Domínguez, de 39 años, ha vivido siempre en la plaza de Castilla, aunque no se considera “muy de barrio”. Empezó a moverse como adolescente por la zona de Colombia y Prosperidad, aunque, como tantos jóvenes madrileños, luego ya salió de fiesta por Malasaña y el centro. Dice que empezó a investigar sobre los macarras, las tribus urbanas y las bandas callejeras de una forma “instintiva”, tras oír de unos y otros en discotecas y en las distintas pandillas de amigos que iba conociendo: “Siempre me interesó mucho la delincuencia como algo al margen del sistema. Todas esas lecturas distintas que le ha dado, por ejemplo, la cultura pop norteamericana a esta gente. Algo que también hace el cine quinqui”.

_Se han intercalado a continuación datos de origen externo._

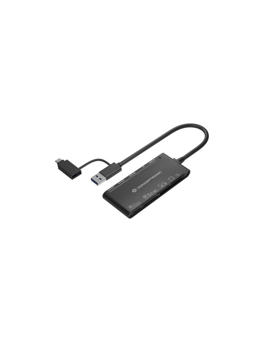 Card Reader Externo Usb-c/ Usb-a 7en1 Conceptronic Bian03b Usb 3.0 Sd/sdhc/sdxc Mmc Ms M2 Ct Xd Microsd/tflash Conceptronic StreamVault BIAN03B, CF, MMC, MS Micro (M2), Memoria extraíble, MicroSD (TransFlash), MicroSDHC, MicroSDXC, SD, SDHC,..., Negro, 5000 Mbit/s, USB 3.2 Gen 1 (3.1 Gen 1) Type-A, 46 mm, 110 mm Desempeño Tarjetas de memoria compatibles CF, MMC, MS Micro (M2), Memoria extraíble, MicroSD (TransFlash), MicroSDHC, MicroSDXC, SD, SDHC, SDXC, xD Número de ranuras para tarjeta de memoria 7 Interno No Velocidad de transferencia de datos 5000 Mbit/s Color del producto Negro Conectar y usar (Plug and Play) Si Indicadores LED Si Puertos e Interfaces Tipo de interfaz USB 3.2 Gen 1 (3.1 Gen 1) Type-A Peso y dimensiones Ancho 46 mm Profundidad 110 mm Altura 12 mm Peso 58 g Empaquetado Cantidad por paquete 1 pieza(s) Ancho del paquete 108 mm Profundidad del paquete 173 mm Altura del paquete 23 mm Peso del paquete 83 g Contenido del embalaje Guía de configuración rápida Si Detalles técnicos País de origen China https://www.conceptronic.net/conceptronic_en/bian03b-7-in-1-usb-3-0-card-reader-2-in-1-usb-c-usb-a-cable-sd-sdhc-sdxc-x-2-micro-s
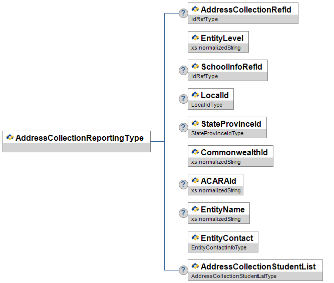 | AddressCollectionStudentList | O | A list of Students being reported on for this Address Collection. | AddressCollectionStudentListType |

Una de todas estas bandas le llamó más la atención que las demás: la Panda del Moco, “o el arquetipo original del grupo de pijos malos”. “Siempre me han fascinado los pijos malos y me han parecido un espécimen muy curioso”, explica Iñaki. “Alguien que se ha criado entre algodones, pero que no encaja. Es una figura arquetípica en los ochenta y los noventa. Eran personajes que iban con sus zapatillas New Balance, practicaban karate o full contact y eran violentos. Hay todo un filón en ellos”.
Etnografía del macarreo
Macarras e indeseables son dos sinónimos que han ido de la mano en Madrid cuando muchos de estos marginados se movían por pura atracción a la violencia o por ideologías fascistas. En el libro, Iñaki hace una interesantísima etnografía del macarreo para fijar en la memoria colectiva los efímeros mitos callejeros, acercándose a esos personajes, a través de muchas entrevistas, como si fuera uno de los hermanos Grimm arrimándose a la sabiduría popular de los cuentos y los mitos del folclore centroeuropeo. Si los Grimm interrogaron a ancianas y gentes de poblaciones rurales, este antropólogo cultural explora la ciudad en profundidad por sus barrios y, aprovechando que en Madrid siempre se ha hecho mucha vida en la calle, consigue un muestrario amplio de batallas.
De esta forma, se analizan y se cuentan historias de los rockers o “desterrados de la Movida”, de los punkis de Malasaña, de los raperos de Torrejón, de los heavys de Carabanchel o de otras pandillas que se dieron en territorios salvajes en el pasado como fueron Lavapiés, Cuatro Caminos y Vallecas. “En las grandes ciudades hay una gran inmigración en los años cincuenta y sesenta del mundo rural. Madrid es el gran foco. En la ciudad surgen las patologías mentales y la delincuencia. Un macarra típico es aquel que viene del campo y se pervierte en la ciudad, en una época en que era más dura, no estaba construida, y el espacio urbano del extrarradio hace que la ciudad no vaya a ellos sino ellos a la ciudad. Canillejas, Vicálvaro o Vallecas son así y, luego, son absorbidos por la ciudad”.
Actualmente, las pandillas son cosa del pasado o, al menos, ya no pueblan los barrios como en décadas atrás. “Ha cambiado totalmente la forma de relacionarse de la ciudad. Antes, el barrio era identidad, significa que era el todo. No había internet y todo se hacía en la calle y pasaba por ella”.